> **TASK ITEM**:
Only the text is wanted; write out each record below exactly and exclude all pictures.

Segment Start: RECORDS PROVIDED

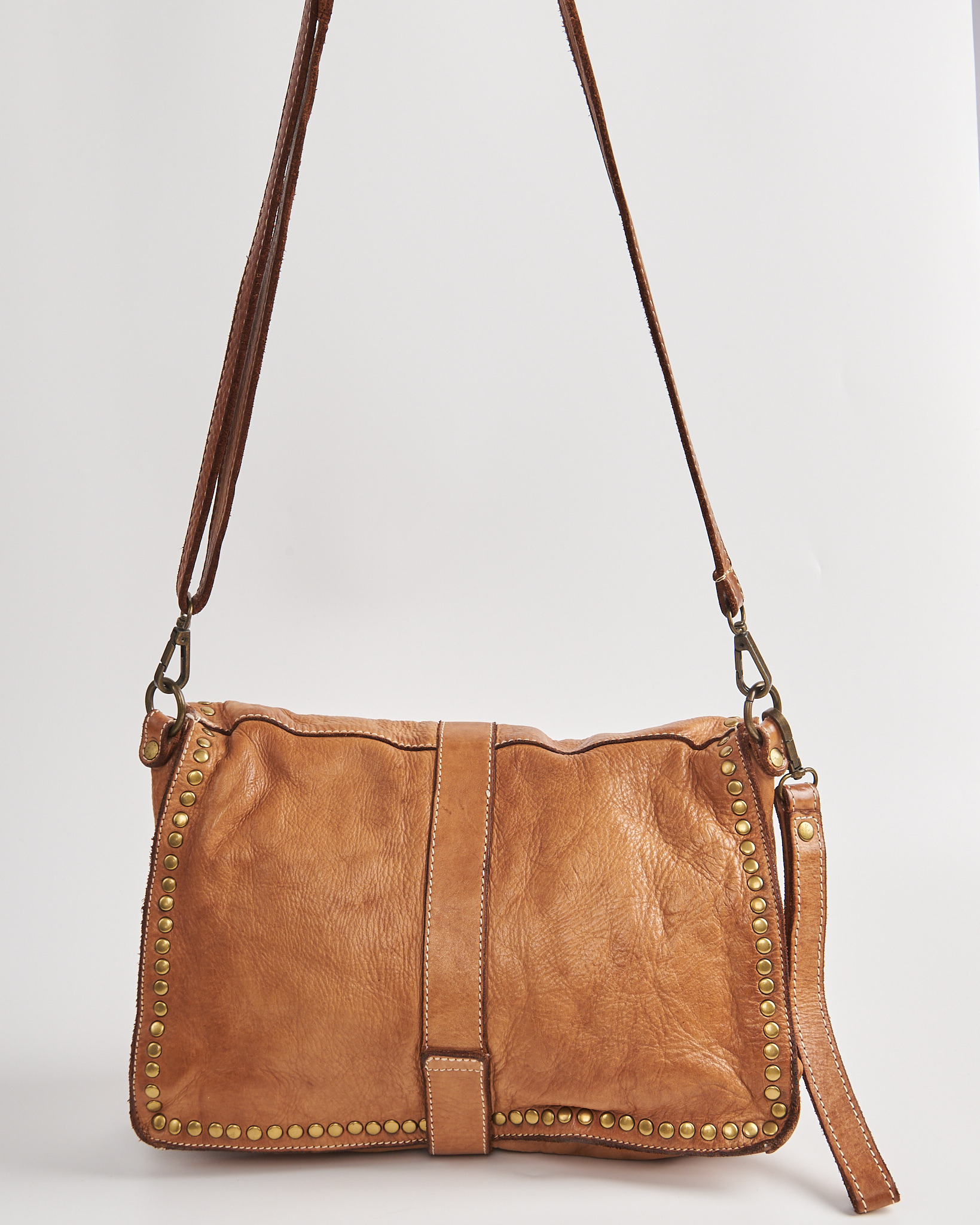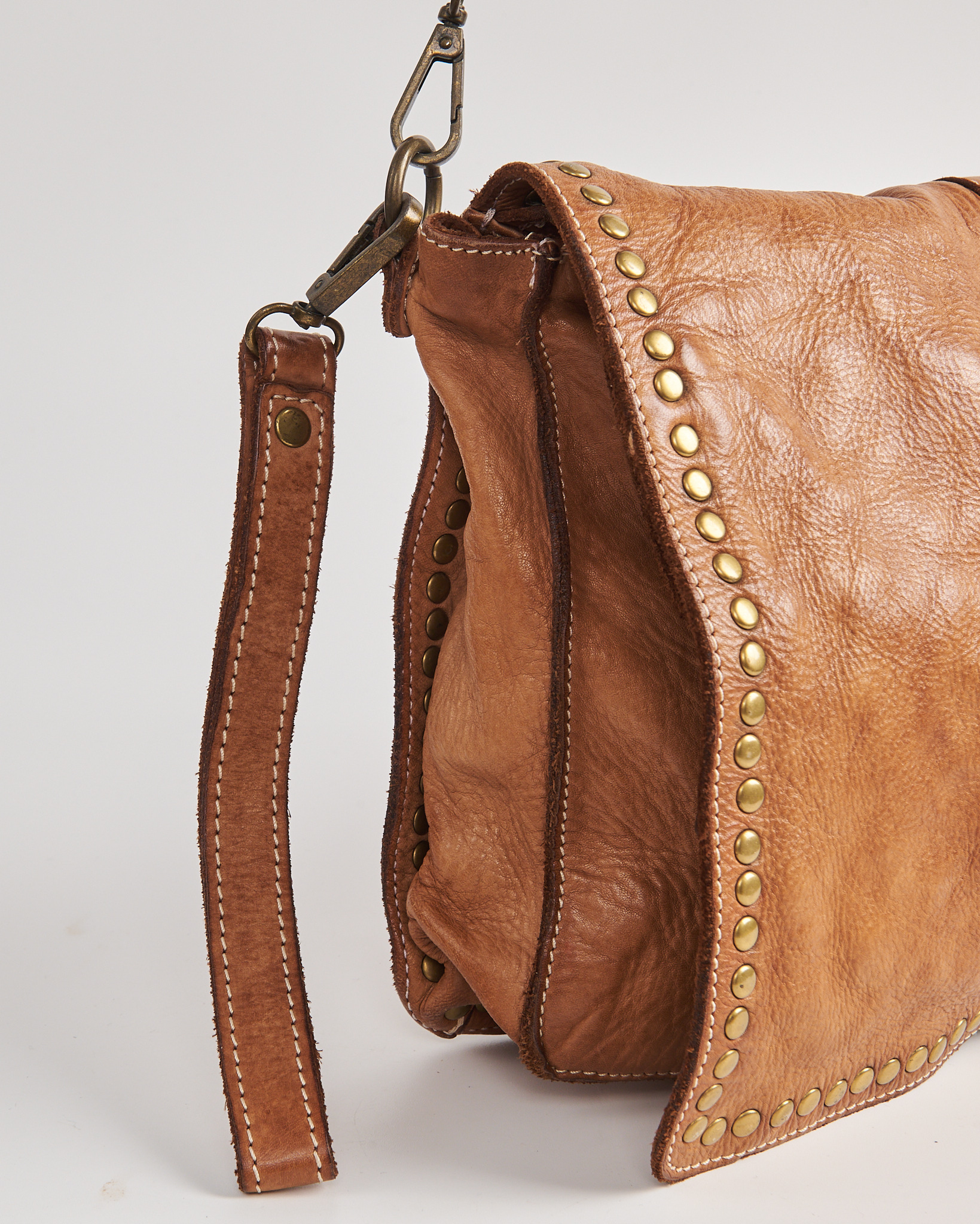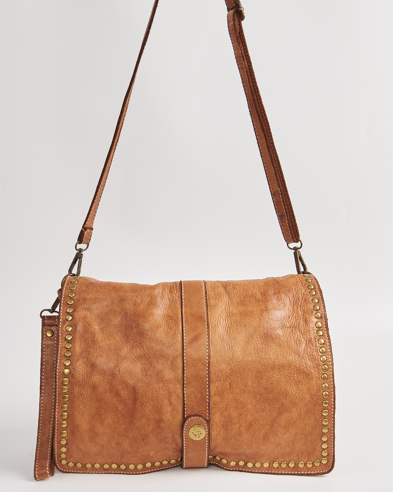 Кожаная сумка с клёпками из натуральной кожи. Клапан фиксируется на кнопку, по краю проходит ряд акцентных металлических клёпок. Посадка комфортная за счет длинного ремня, который регулируется.
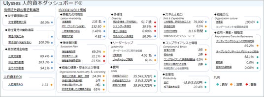 「Ulysses 人的資本ダッシュボード(R)」は、SAP SuccessFactors上で人的資本情報をダッシュボード化し適時確認できる仕組みであり、金融庁が公表した人的資本に関する有価証券報告書への記載義務項目と、ISO30414が規定する11領域の可視化、分析が可能です。手間のかかる有価証券報告書への記載事項も簡単に集計、出力できます。また、人的資本情報の管理についても、「何の情報をモニタリングすべきか」で悩む必要もなく、手軽に人的資本経営実現に必要な基本的な指標を可視化することができるので、人的資本情報を活用したPDCAのすべての局面において活用が可能です。
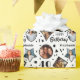 Personalizar el nombre en este papel de envoltura de fotos para el niño de 40 años en tu vida. Las formas de confetti conforman 5 fotos en un collage con estrellas, cuadrados, rectángulos y triángulos de papel envolvente de 40 años. El confeti y la tipografía están en blanco y negro. Así que tus fotos serán el foco.
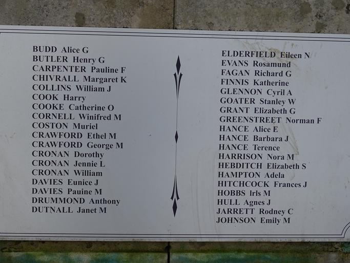 | Keywords: text document outdoor plaque writing sign The Sandhurst Road School Disaster was an air raid on a school in Minard Road, Catford, south east London on Wednesday, 20 January, 1943. A German fighter-bomber dropped a 500 kg (1,100 lb) bomb on the school at 12.30 pm, killing 32 children and six staff and injuring another 60 people. Many were buried for hours under the rubble, and six more children died in hospital. The Sandhurst Road School Disaster was an air raid on a school in Minard Road, Catford, south east London on Wednesday, 20 January, 1943. A German fighter-bomber dropped a 500 kg (1,100 lb) bomb on the school at 12.30 pm, killing 32 children and six staff and injuring another 60 people. Many were buried for hours under the rubble, and six more children died in hospital. |
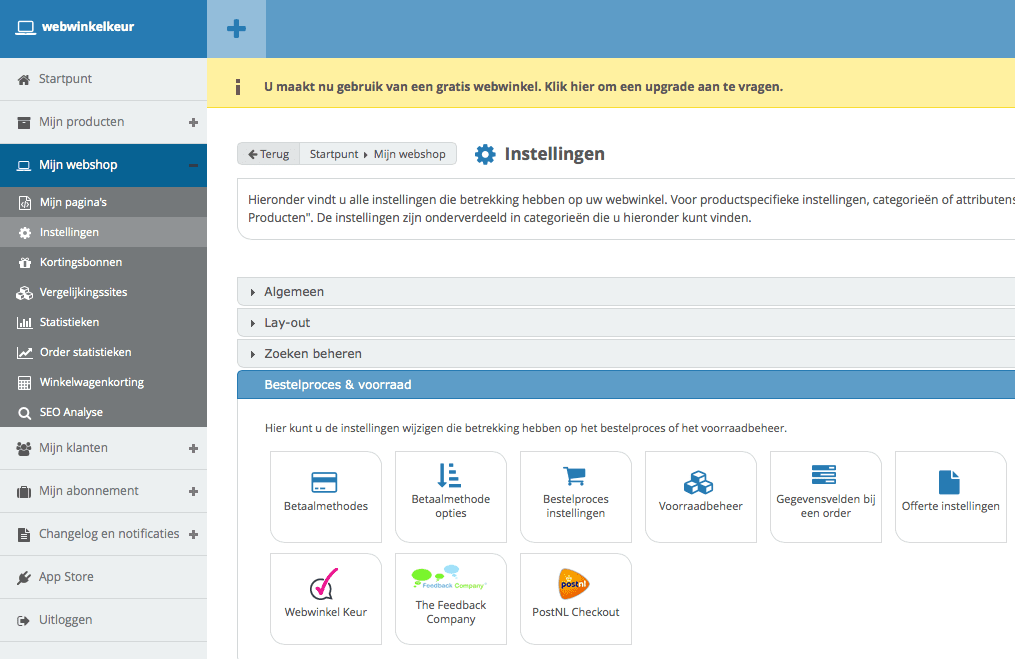 3. Ga naar Mijn webshop > Instellingen > Bestelproces & voorraad en klik daar op WebwinkelKeur.
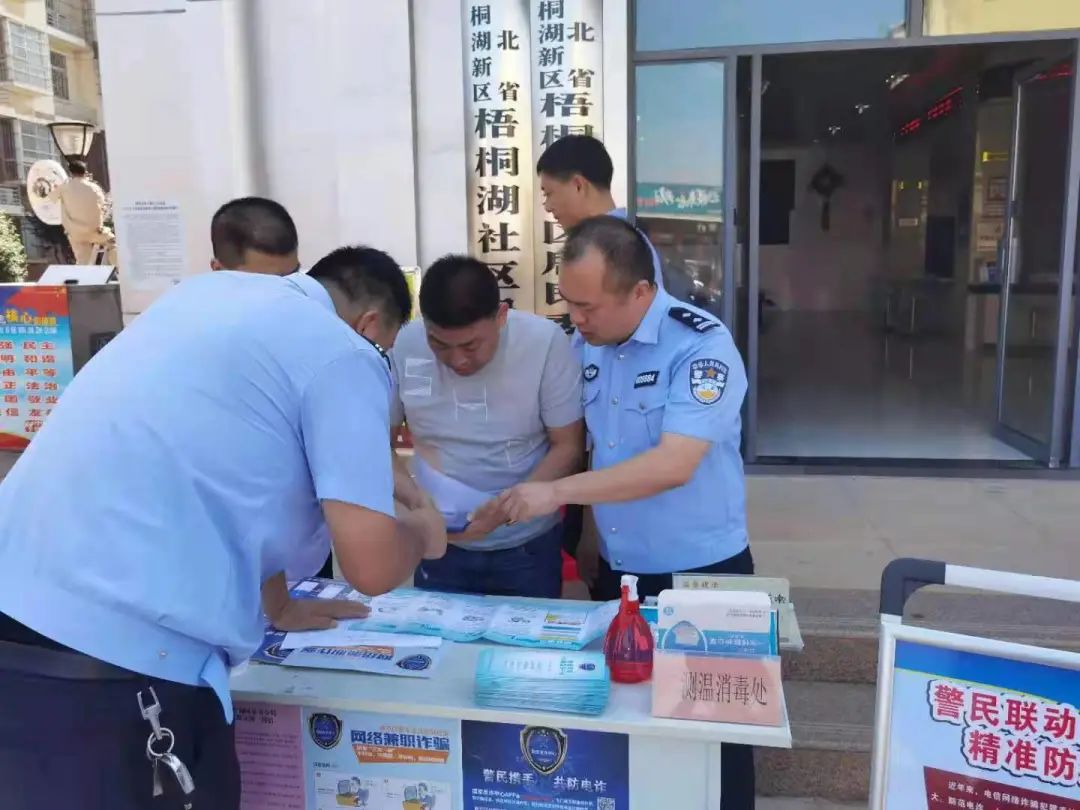 为进一步提高社区群众的防诈骗意识,降低辖区诈骗案件发案率。6月23日,梧桐湖派出所副所长张武,顶着烈日,带领辅警尹苗、商嘉文、黄恩等人,到梧桐湖社区开展防诈宣传。
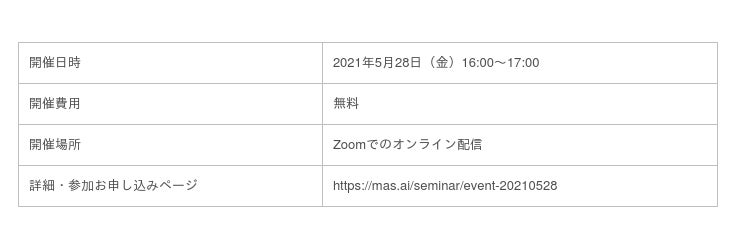 詳細・参加お申し込みページ:https://mas.ai/seminar/event-20210528
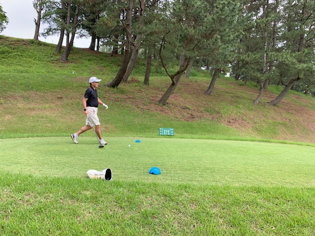 パター時間がなく、西アウトから。今日は短めのBグリーン使用でバックティから参ります。
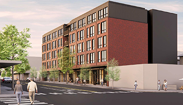 One final round of design review seems likely in coming months for the 80-unit apartment proposal to replace the former home of the old Guild 45th cinemas, which were demolished in recent years. (The two cinemas closed in 2017.) On a midblock site in Wallingford, Clark Barnes is designing the five-story building at 2115 N. 45th St.
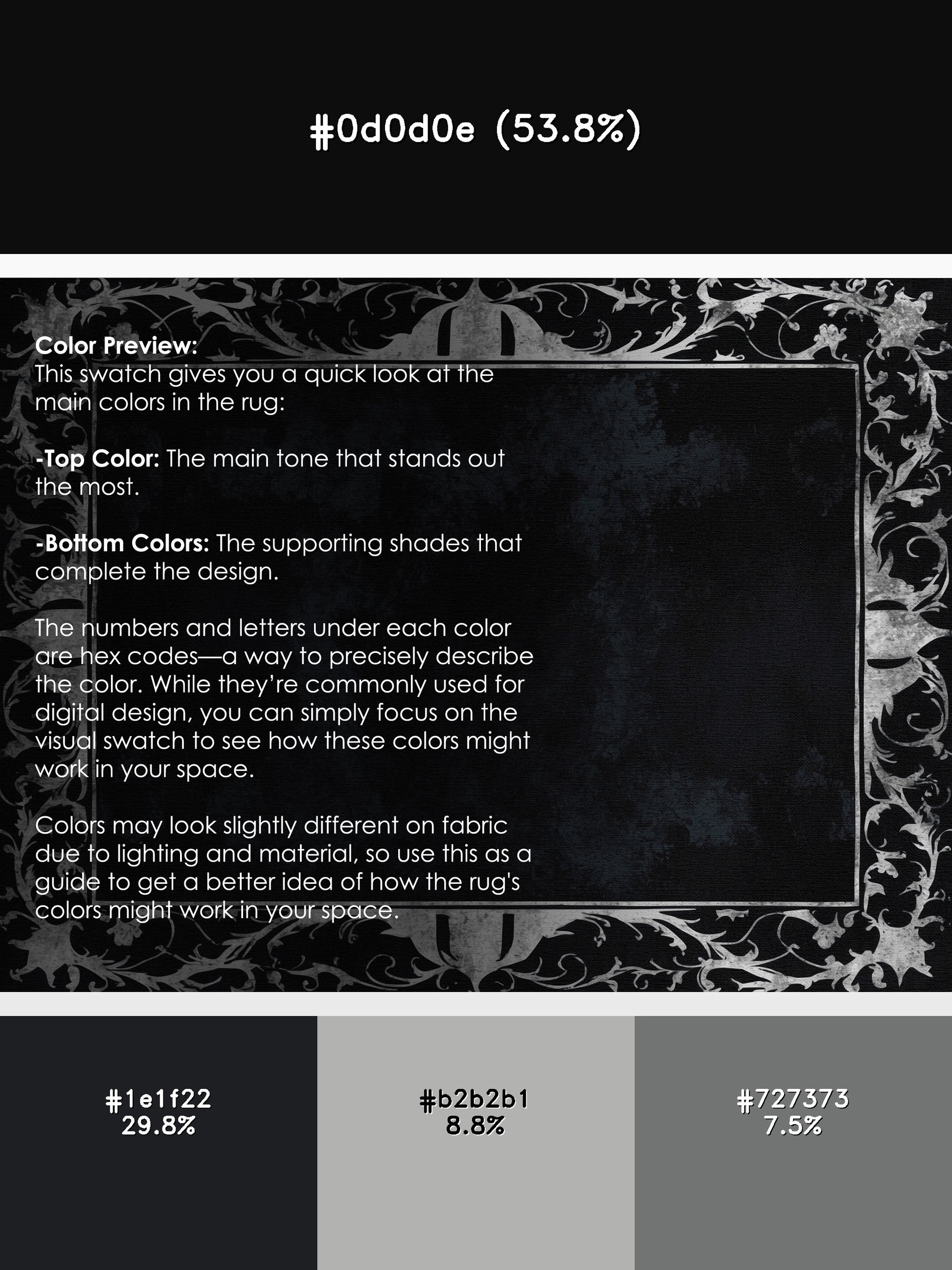 Mystic Veil from the Nocturne Elegance collection exudes timeless sophistication with its captivating Night color (A rich, dark black with a hint of depth, evoking the stillness of night.), a rich tone in the Black color family. Featuring intricate baroque-inspired patterns and swirling vine designs, this rug creates a sense of depth and refined elegance. Finished with Gray serging a durable edge that enhances its luxurious aesthetic this rug is crafted from premium polyester and machine-made in the USA with imported materials. Perfect for formal dining rooms, chic living areas, or cozy bedrooms, this design balances bold drama with subtle charm, complementing both contemporary and traditional interiors. Available in multiple sizes, the Nocturne Elegance collection transforms your home into a haven of understated grandeur and classic refinement.
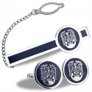 Spinki do mankietów – Wykonane z wysokiej jakości stali nierdzewnej w kolorze niklowanym, ozdobione eleganckim wizerunkiem orła Sił Powietrznych RP umieszczonym w subtelnym okręgu. Spinka do krawata – Wyposażona w praktyczny łańcuszek z zapięciem, pozwalający na stabilne przymocowanie do guzika koszuli. ✅Stylowy design idealnie współgra z pozostałymi elementami zestawu, podkreślając przynależność do Sił Powietrznych.
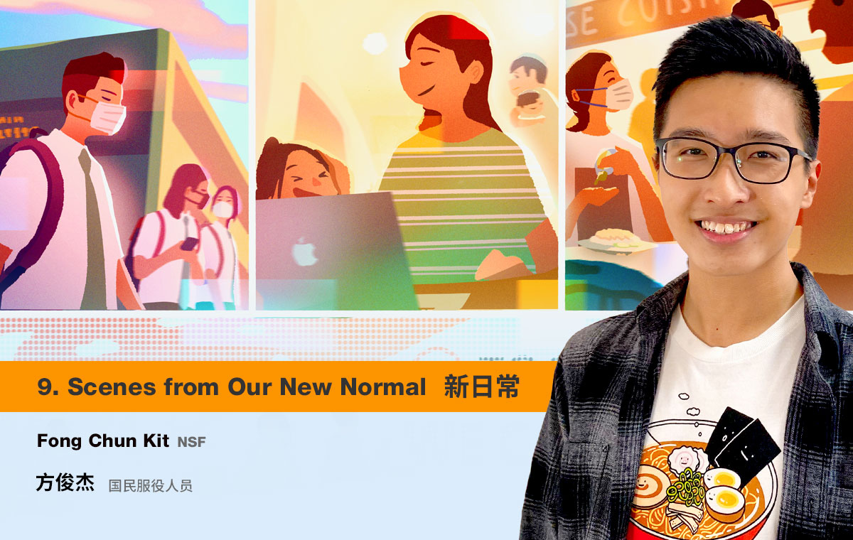 Taking the MRT to work in the morning, dining at a hawker centre, taking a stroll in a park... The seven simple and colourful illustrations depict the scenes of everyday life during the new normal. The creator hopes to spread positivity with the illustrations, and convey the message that as long as one stays optimistic, simple joys can be found in our daily life.

Segment End: RECORDS PROVIDED

> **ANSWER SPACE**:
 Кожаная сумка с клёпками из натуральной кожи. Клапан фиксируется на кнопку, по краю проходит ряд акцентных металлических клёпок. Посадка комфортная за счет длинного ремня, который регулируется.
 「Ulysses 人的資本ダッシュボード(R)」は、SAP SuccessFactors上で人的資本情報をダッシュボード化し適時確認できる仕組みであり、金融庁が公表した人的資本に関する有価証券報告書への記載義務項目と、ISO30414が規定する11領域の可視化、分析が可能です。手間のかかる有価証券報告書への記載事項も簡単に集計、出力できます。また、人的資本情報の管理についても、「何の情報をモニタリングすべきか」で悩む必要もなく、手軽に人的資本経営実現に必要な基本的な指標を可視化することができるので、人的資本情報を活用したPDCAのすべての局面において活用が可能です。
 Personalizar el nombre en este papel de envoltura de fotos para el niño de 40 años en tu vida. Las formas de confetti conforman 5 fotos en un collage con estrellas, cuadrados, rectángulos y triángulos de papel envolvente de 40 años. El confeti y la tipografía están en blanco y negro. Así que tus fotos serán el foco.
 | Keywords: text document outdoor plaque writing sign The Sandhurst Road School Disaster was an air raid on a school in Minard Road, Catford, south east London on Wednesday, 20 January, 1943. A German fighter-bomber dropped a 500 kg (1,100 lb) bomb on the school at 12.30 pm, killing 32 children and six staff and injuring another 60 people. Many were buried for hours under the rubble, and six more children died in hospital. The Sandhurst Road School Disaster was an air raid on a school in Minard Road, Catford, south east London on Wednesday, 20 January, 1943. A German fighter-bomber dropped a 500 kg (1,100 lb) bomb on the school at 12.30 pm, killing 32 children and six staff and injuring another 60 people. Many were buried for hours under the rubble, and six more children died in hospital. |
 3. Ga naar Mijn webshop > Instellingen > Bestelproces & voorraad en klik daar op WebwinkelKeur.
 为进一步提高社区群众的防诈骗意识,降低辖区诈骗案件发案率。6月23日,梧桐湖派出所副所长张武,顶着烈日,带领辅警尹苗、商嘉文、黄恩等人,到梧桐湖社区开展防诈宣传。
 詳細・参加お申し込みページ:https://mas.ai/seminar/event-20210528
 パター時間がなく、西アウトから。今日は短めのBグリーン使用でバックティから参ります。
 One final round of design review seems likely in coming months for the 80-unit apartment proposal to replace the former home of the old Guild 45th cinemas, which were demolished in recent years. (The two cinemas closed in 2017.) On a midblock site in Wallingford, Clark Barnes is designing the five-story building at 2115 N. 45th St.
 Mystic Veil from the Nocturne Elegance collection exudes timeless sophistication with its captivating Night color (A rich, dark black with a hint of depth, evoking the stillness of night.), a rich tone in the Black color family. Featuring intricate baroque-inspired patterns and swirling vine designs, this rug creates a sense of depth and refined elegance. Finished with Gray serging a durable edge that enhances its luxurious aesthetic this rug is crafted from premium polyester and machine-made in the USA with imported materials. Perfect for formal dining rooms, chic living areas, or cozy bedrooms, this design balances bold drama with subtle charm, complementing both contemporary and traditional interiors. Available in multiple sizes, the Nocturne Elegance collection transforms your home into a haven of understated grandeur and classic refinement.
 Spinki do mankietów – Wykonane z wysokiej jakości stali nierdzewnej w kolorze niklowanym, ozdobione eleganckim wizerunkiem orła Sił Powietrznych RP umieszczonym w subtelnym okręgu. Spinka do krawata – Wyposażona w praktyczny łańcuszek z zapięciem, pozwalający na stabilne przymocowanie do guzika koszuli. ✅Stylowy design idealnie współgra z pozostałymi elementami zestawu, podkreślając przynależność do Sił Powietrznych.
 Taking the MRT to work in the morning, dining at a hawker centre, taking a stroll in a park... The seven simple and colourful illustrations depict the scenes of everyday life during the new normal. The creator hopes to spread positivity with the illustrations, and convey the message that as long as one stays optimistic, simple joys can be found in our daily life.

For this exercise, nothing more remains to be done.